At present, WMS is the most used and validated index in echocardiography, and it provides an optimal alternative as an approach to quantifying systolic function after acute myocardial infarction [21]. Jurado-Román et al [22] reported that the analysis of wall motion segments, compared with LVEF, might be a more accurate marker in the prognostic stratification, especially with a smaller extent of myocardial damage.

WMS was also identified to be a prognostic marker in patients with ACS. Figueras et al [23] demonstrated that the severity of WMS was associated with ST-segment depression and increased worsening of WMS was associated with short-term mortality.

In terms of the prognostic value of WMS for ACS, our results are consistent with previous studies [24-27]. The unique point of our research was that we not only focused on the long-term mortality but also attached great importance to other adverse events, which improved the outcomes of ACS.

In summary, several studies have shown that WMS and SSII have a positive impact on the predictive value for CAD. However, the predictive ability of SSII for ACS patients was limited, and no one studied the combined effect of WMS and SSII on predicting the outcomes of ACS. We evaluated the predictive effect of the combination of these scores and assessed survival probability of patients with ACS for the first time.
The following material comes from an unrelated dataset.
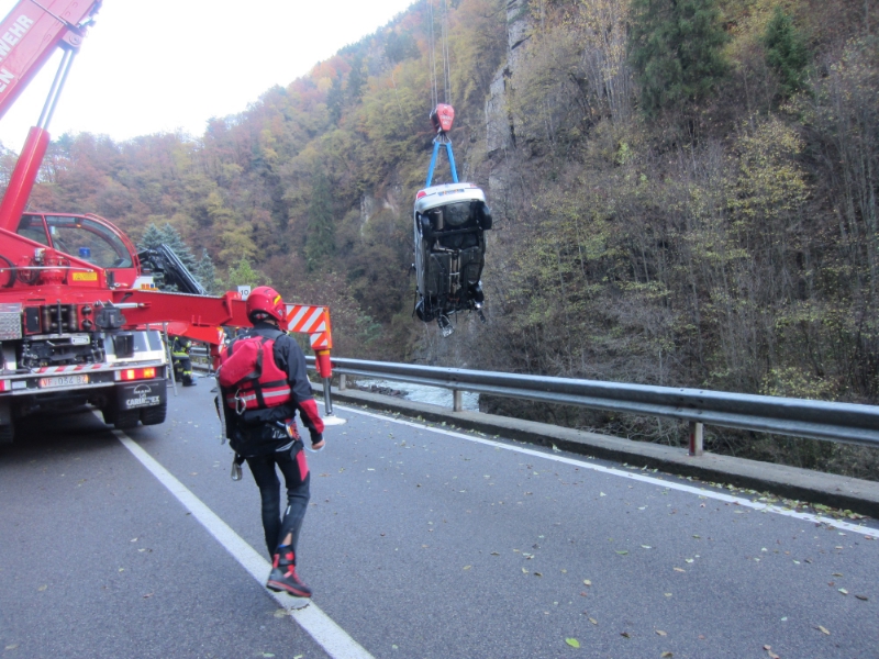 Foto BZBZGegen 08:30 des 13.11.2012 wurden die Wasserretter und die Kranmannschaft dieser Berufsfeuerwehr zusammen mit den örtlichen Freiwilligen Feuerwehren von Asfeld und Sarnthein, sowie Einheiten der Südtiroler Wasserrettung und Bezirkstaucher der Freiwilligen Feuerwehr zu einem Verkehsunfall ins Sarntal gerufen. Kurz vor Halbweg kam ein Fahrzeug aus ungeklärten Ursachen über die Straße und landete im Bachbett der Talfer, welche zur Zeit eine erhebliche Menge an Wasser führt. Eine Person befand sich noch im Fahrzeug und konnte erst durch den Einsatz der Seilwinde des Rettungshubschraubers Pelikan 1 gerettet werden. Dieser nahm zuvor zwei Wasserretter der Berufsfeuerwehr auf und brachte sie direkt zum Einsatzort. Die Person wurde trotz der schwerwiegenden Unfalldynamik nur leicht verletzt und wurde nach Erstversorgung durch den Notarzt des Pelikan 1 zur Kontrolle in Krankenhaus Bozen mit einem Rettungswagen des Weißen Kreuzes gefahren. Mittels schwerem Kranfahzeug wurde das Unfallfahrzeug anschließend aus dem Bachbett geborgen. Die Straße blieb für die Dauer der Aufräumungsarbeiten für ca. 1,5 Stunden gesperrt. Im Einsatz standen weiters die Carabinieri, Gemeindepolizei, der Bergrettungsdienst und der Landesstraßendienst

We found the combination was stronger than either score alone in predicting development of a MACE in patients with ACS, and both scores could be used to predict the survival probability.

Conclusions

The combined methods of the WMSI and the SSII were predictive factors of MACEs in patients with ACS following PCI at the 12-month follow-up.

Limitations

Several limitations of the study need to be mentioned. First, this study had a retrospective design and was based on results in a single center from specific population. Therefore, our findings may lack predictive value in the prognosis of a broader population of patients with ACS. Second, selective bias in the nonrandomized study could affect the accuracy of our results. Lastly, the follow-up was not long enough, and the study population needs to be followed for a much longer period.